#### [Problem requirements]
Write out the entries below exactly, starting at the first line and stopping after the line that contains "Ir a la pestaña"; skip all pictures.

#### [Data records]
══════════════════════════════

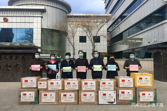 “千里同好,堅於金石”、“UNISNOUSVAINCRONS(團結定能勝利)”這是寫在中國政府援法醫療物資上面的中法兩國名言,配以寓意吉祥的鳳凰和象徵和平的鴿子圖案,體現了中法共同抗擊疫情,護佑中法兩國友好關係。近一段時間,隨着新冠肺炎的全球蔓延,中國各界也源源不斷的向國際社會進行防疫抗疫物資援助。
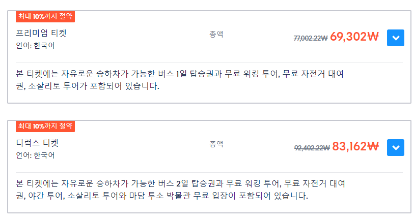 클래식, 프리미엄, 디럭스 티켓 중 하나를 골라
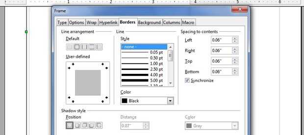 Ir a la pestaña de fronteras en el cuadro de diálogo de Marcos. Seleccione Ninguno para el ancho del borde. El espacio a las categorías de contenido debe mostrar todos los valores de 0.0 pulgadas. (Los valores mostrará 0.0 pulgadas después de hacer clic en Aceptar. Si el cuadro de diálogo debe ser abierto otra vez, tire hacia abajo de insertar y haga clic en marco como antes.) Mientras todavía se destacan los puntos de agarre, mantenga pulsada la tecla CTRL y pulse C para copiar el marco.
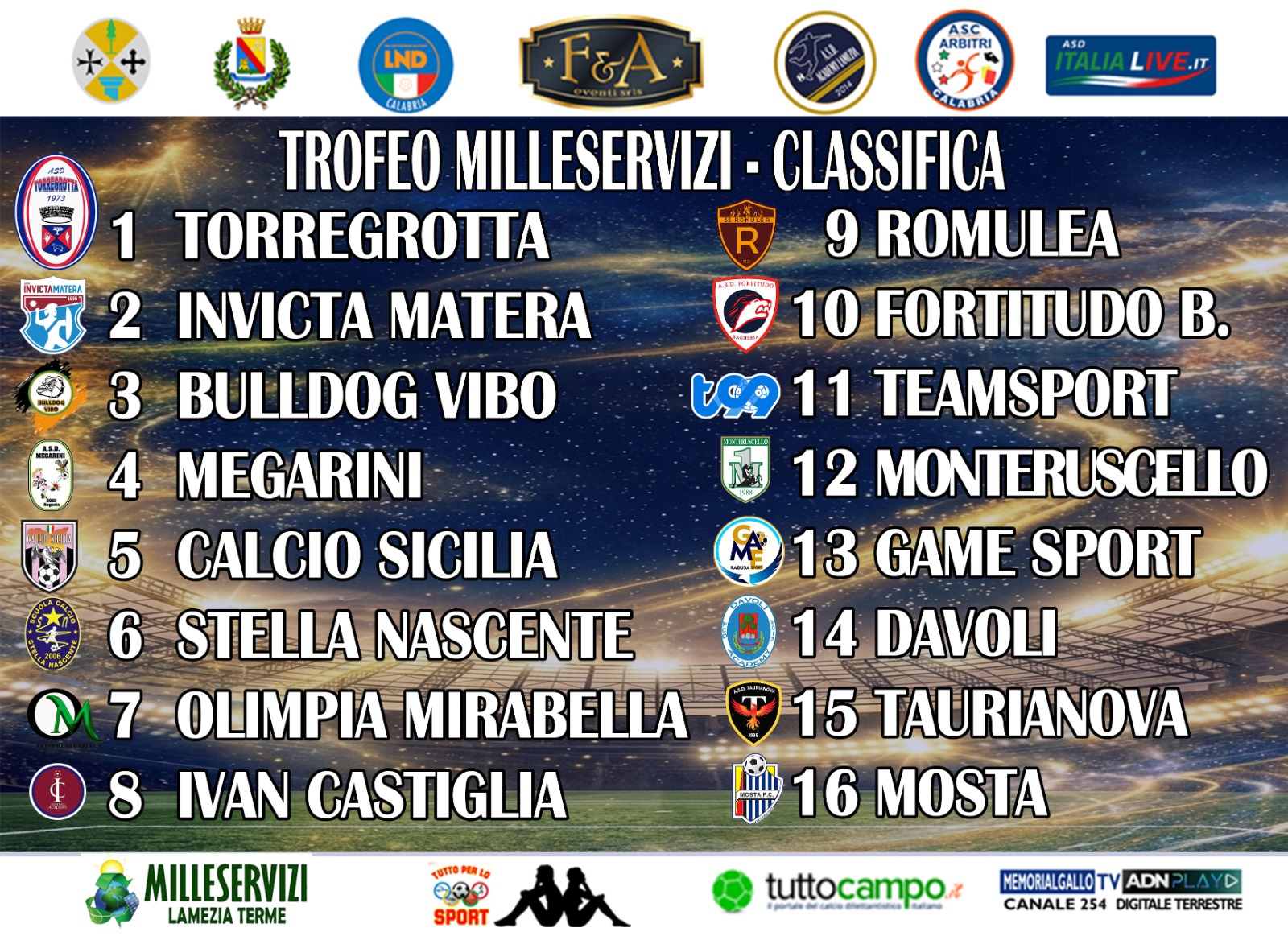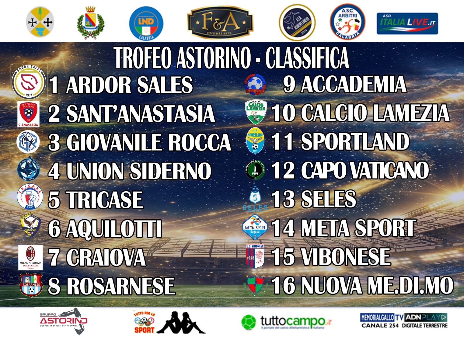 “Si chiude un’edizione bellissima del Memorial Pasquale Gallo – commenta Angelo Aiello della F&A Eventi -. Passare da 64 a 80 squadre con gare su tre campi invece che su due, non era facile. Ci siamo riusciti grazie all’impegno del nostro staff che ha lavorato instancabilmente per quattro giorni per non far mancare niente a nessuno e garantire sempre puntualità e precisione. Devo ringraziarli tutti, uno per uno. Ma voglio ringraziare anche le 80 squadre partecipanti che hanno collaborato con noi e regalato uno spettacolo incredibile per le vie Lamezia, invase da bambini festanti. Grazie ad ASD Italia Live per il supporto organizzativo e a tutti i partners dell’evento. Non voglio dimenticare gli arbitri che ogni anno ci danno una mano. Infine, un ringraziamento alla Presidenza Consiglio Regionale della Calabria e all’Amministrazione Comunale che ci è stata vicina in ogni momento del Torneo. Senza la partecipazione di tutti non avremmo potuto realizzare tutto questo e non potremmo con orgoglio guardare alla prossima edizione del Memorial, che sarà la decima, e per la quale stiamo già lavorando progettando alcune importanti novità”.
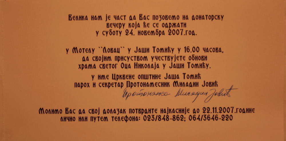 Protonamesnik Miladin Jović je u ime svoje Crkvene opštine Jaša Tomić organizovao donatorsku večeru za obnovu hrama svetog Oca Nikolaja.
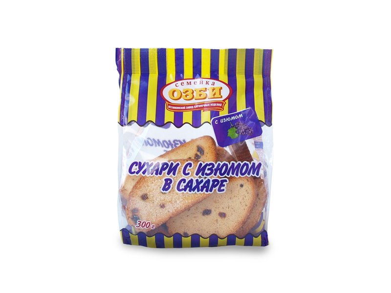 Классические сухари с изюмом, посыпанные сахаром. Приготовлены традиционным опарным способом, благодаря чему тесто получается несравнимо более пышным
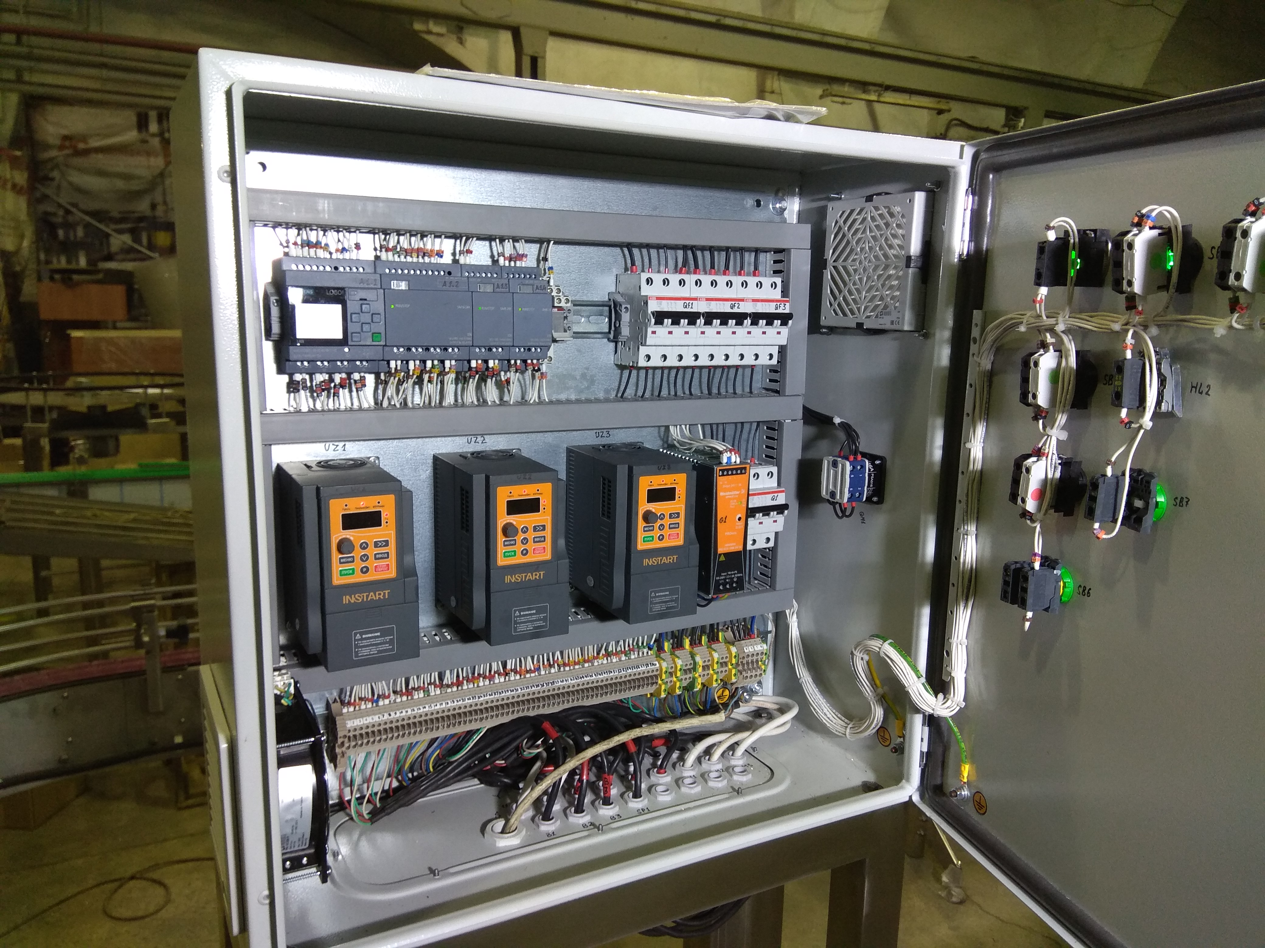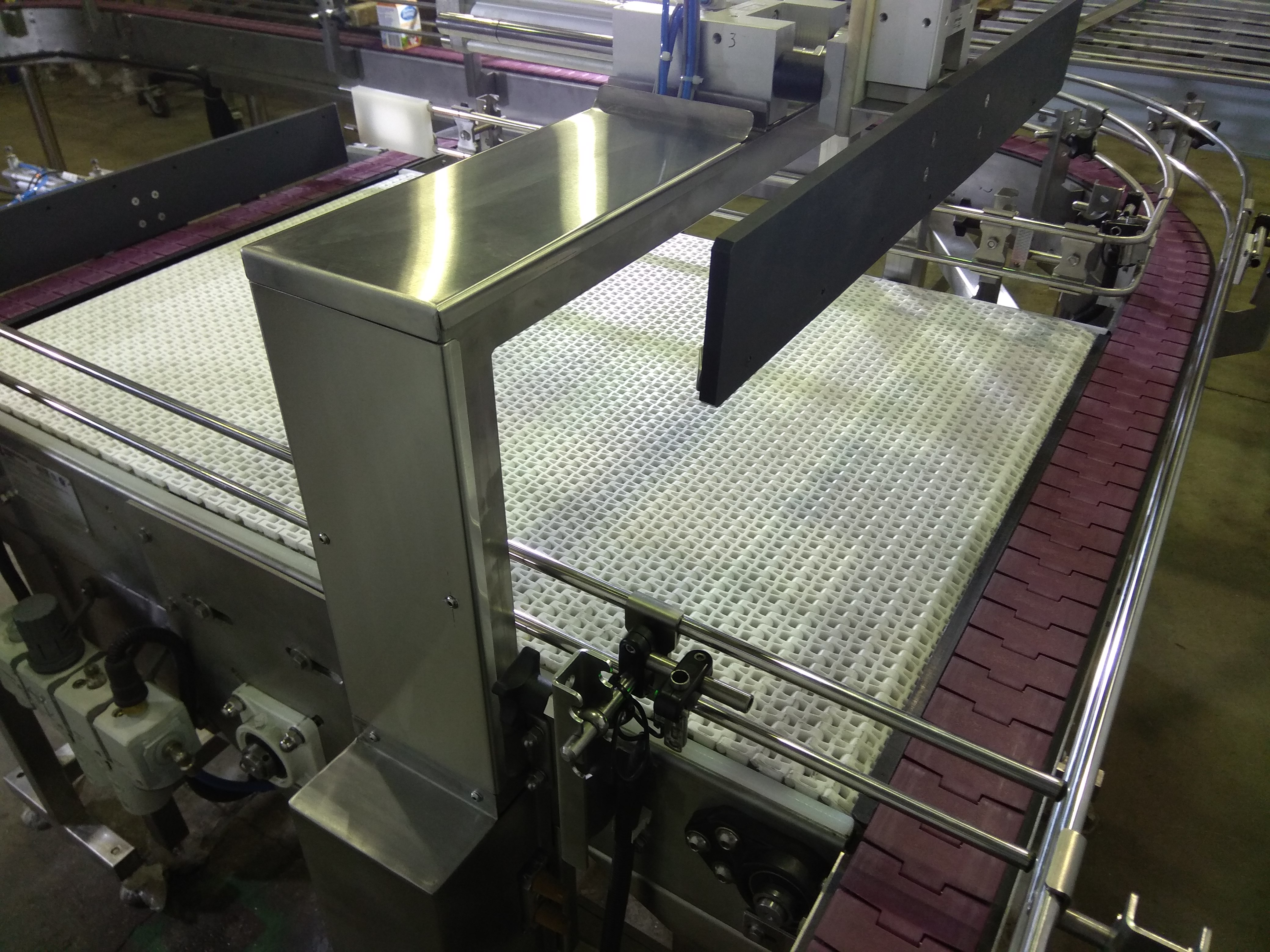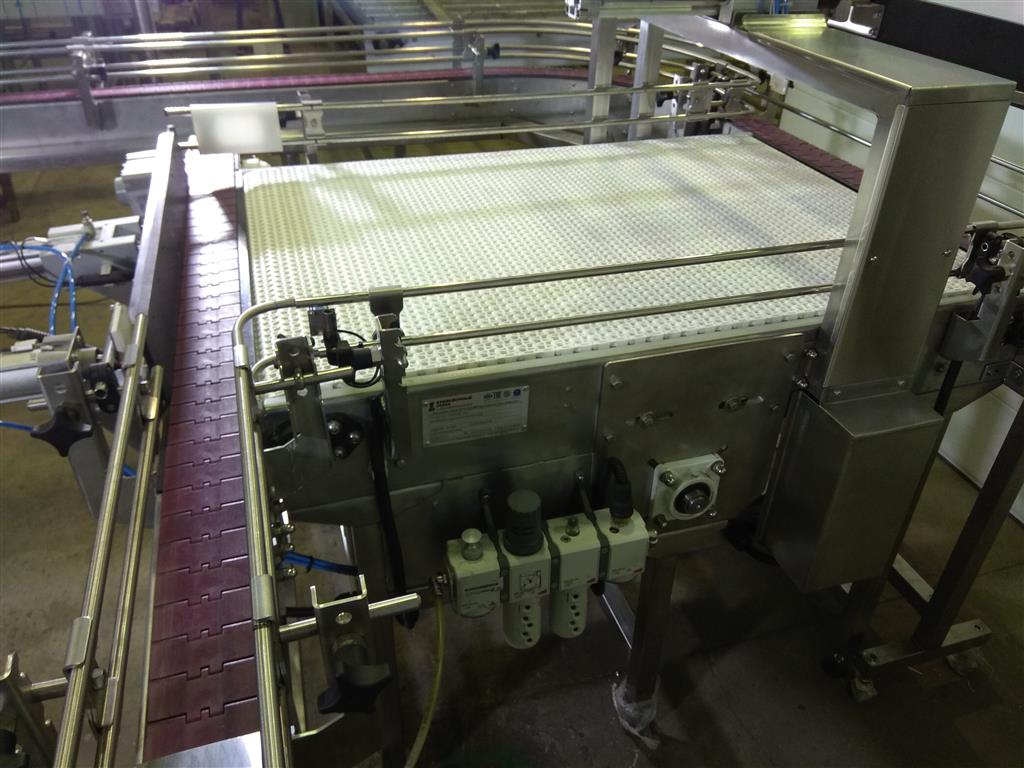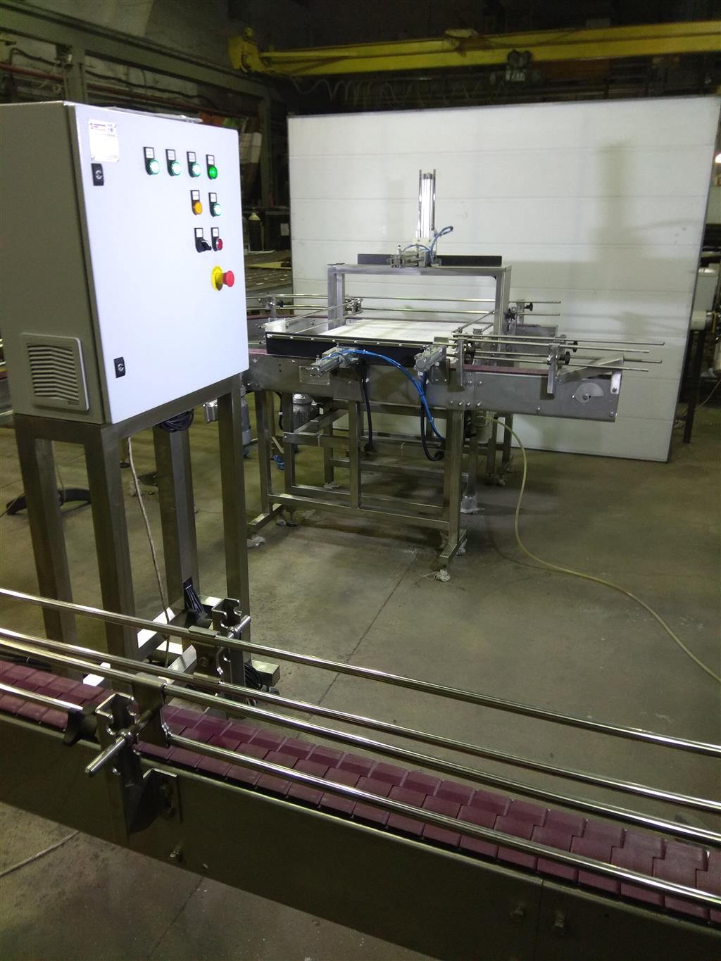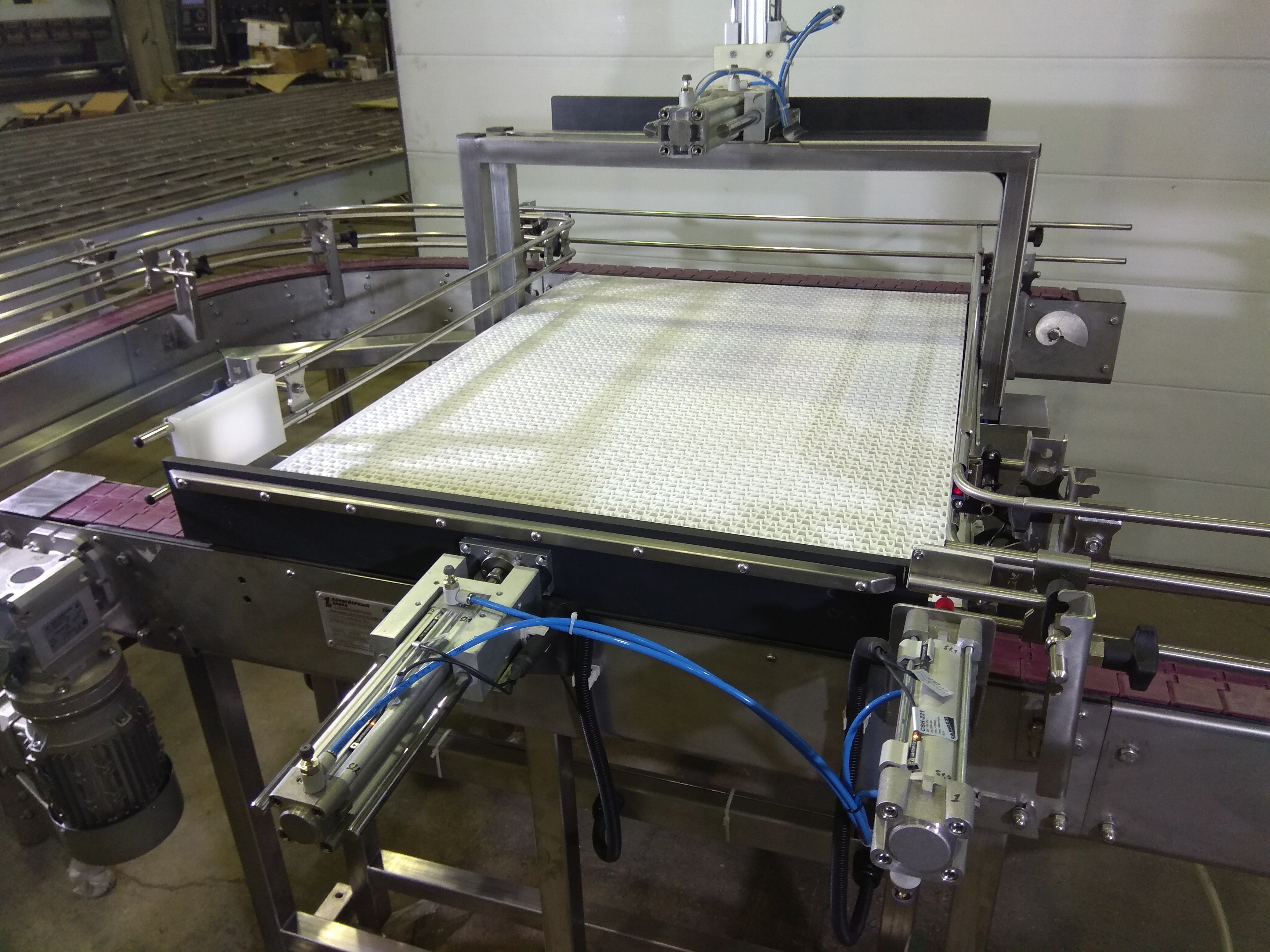 Описание проекта: Для производителя молочной продукции в Ленинградской области, спроектирована, изготовлена и отгружена система конвейеров с автоматикой.Состав оборудования:1. Прямой пластинчатый конвейер длиной 1400 мм, ширина цепи 82,5 мм (пластик)2. Конвейер с модульной лентой длиной 1200 мм, шириной 800 мм (пластик)3. Поворотный пластинчатый конвейер длиной 6700 мм, ширина цепи 82,5 мм (пластик)4. Автоматика, которая включает в себя: 3 пневмоцилиндра, 4 датчика с отражателями, шкаф управления с 3-ми инверторами и программой работы.Данное оборудование предназначено для перемещения пакетов с молоком от розлива к упаковочному автомату в 2-х режимах работы.В нормальном режиме, пакеты с молоком выстраиваются в ряд по 9 шт. на пластинчатом конвейере и по команде от датчиков, пневмоцилинд сдвигает ряд на конвейер с модульной лентой, откуда этот ряд перемещается с помощью другого пневмоцилиндра на поворотный пластинчатый конвейер.В режиме накопления (в случае остановки упаковочного автомата на непродолжительное время), пакеты с молоком попадающие на конвейер с модульной лентой, накапливаются на нем рядами через 100-150 мм.Все конвейеры изготовлены из нержавеющей стали, мотор-редукторы (Германия), пластинчатые цепи (Италия), модульная лента (Швейцария)

══════════════════════════════

#### [Solution to this task]
 “千里同好,堅於金石”、“UNISNOUSVAINCRONS(團結定能勝利)”這是寫在中國政府援法醫療物資上面的中法兩國名言,配以寓意吉祥的鳳凰和象徵和平的鴿子圖案,體現了中法共同抗擊疫情,護佑中法兩國友好關係。近一段時間,隨着新冠肺炎的全球蔓延,中國各界也源源不斷的向國際社會進行防疫抗疫物資援助。
 클래식, 프리미엄, 디럭스 티켓 중 하나를 골라
 Ir a la pestaña de fronteras en el cuadro de diálogo de Marcos. Seleccione Ninguno para el ancho del borde. El espacio a las categorías de contenido debe mostrar todos los valores de 0.0 pulgadas. (Los valores mostrará 0.0 pulgadas después de hacer clic en Aceptar. Si el cuadro de diálogo debe ser abierto otra vez, tire hacia abajo de insertar y haga clic en marco como antes.) Mientras todavía se destacan los puntos de agarre, mantenga pulsada la tecla CTRL y pulse C para copiar el marco.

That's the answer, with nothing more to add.